- Born: Leonard Joseph Weisgard December 12, 1916 New Haven, Connecticut, US
- Died: January 14, 2000 (aged 83) Denmark
- Education: Pratt Institute
- Known for: Children's picture book illustration
- Notable work: Collaborations with Margaret Wise Brown
- Spouse: Phyllis Monnot
- Awards: Caldecott Medal Caldecott Honor 1947

= Leonard Weisgard =

American writer

Leonard Joseph Weisgard (December 13, 1916 – January 14, 2000) was an American writer and illustrator of more than 200 children's books. He is known best for his collaborations with writer Margaret Wise Brown.

== Biography ==
Weisgard was born in New Haven, Connecticut, and spent most of his childhood in England. He studied art at the Pratt Institute in New York City.

His first book, Suki the Siamese Pussy, was published in 1937, and his first collaboration with Brown was two years later, The Noisy Book. He won the 1948 Caldecott Medal for U.S. picture book illustration, recognizing The Little Island, written by Brown. They collaborated again on The Important Book, published by Harper & Brothers in 1949. Altogether, Weisgard illustrated at least 14 of Brown's books, including two that were published posthumously. (Brown wrote the text for six books that were published as by "Golden MacDonald". All were unpaged picture books illustrated by Weisgard and published by Doubleday.)

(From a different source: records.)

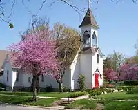 St. Paul's Episcopal Church is a historic Carpenter Gothic style Episcopal church building located on a triangular lot at 416 Southeast Grand Avenue at the corner of Fifth and Green streets in Lee's Summit, Missouri, United States. The parish was established in 1867. The original sanctuary and current building were designed by the Rev. Frederick B. Scheetz and completed in 1884. The building is a rare example of an extant wood framed Carpenter Gothic church in the state of Missouri. The interior walls and vaulted ceilings are covered with narrow strips of wood paneling set diagonally on the walls and horizontally on the ceiling. A trio of stained glass windows is set above the wooden altar in the apse at the north end of the transept. The church has received few if any alterations since it was built in 1884.[2]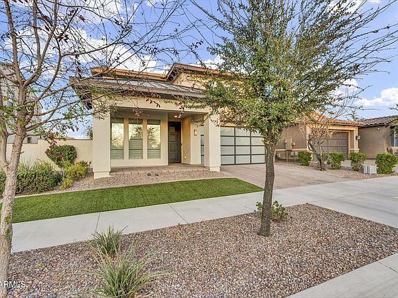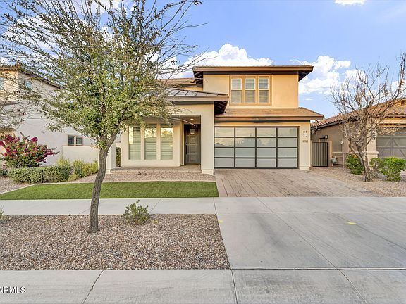 Step into luxury with this former model home in Eastmark! This 4-bed, 3-bath gem with a flex space & loft is packed with custom upgrades & fresh updates, including new carpet & interior/exterior paint. From the decorative garage door to the pavered driveway, the curb appeal is undeniable. Inside, wood shutters, custom cabinetry, & designer wallpaper add style. The gourmet kitchen boasts quartz counters, stainless appliances, a gas cooktop, & bi-fold windows for seamless indoor-outdoor entertaining. The primary suite features an extended walk-in shower, dual sinks, & a spacious closet. Outside, enjoy a covered patio, built-in breakfast bar, & custom metal gazebo. Eastmark offers top-rated schools, community events, playgrounds, a splash pad, & endless ways to connect with neighbors.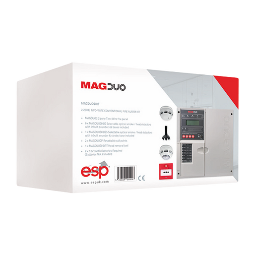 ESP MAGDUO2KIT 2 Zone 2 Wire Fire Panel Kit Grey MAGDUO2 Wire Fire Protection 2 Zone Two Wire Conventional Fire Alarm Kit Features: MAGDUO2 2 zo...

The same year, Weisgard received the Caldecott Honor for his illustrations in the book “Rain Drop Splash” authored by Alvin Tresselt. He was the first to be awarded the Caldecott Medal and the Caldecott Honor in the same year.

Writer Marjorie Kinnan Rawlings was a Newbery Medal runner-up in 1956 for The Secret River, which Weisgard illustrated. He also illustrated Alice Dalgliesh's The Courage of Sarah Noble, a 1955 Newbery Medal runner-up.

Weisgard married Phyllis Monnot in 1951 and moved to Copenhagen, Denmark, with her and their three children in 1969. He died on January 14, 2000, in Denmark.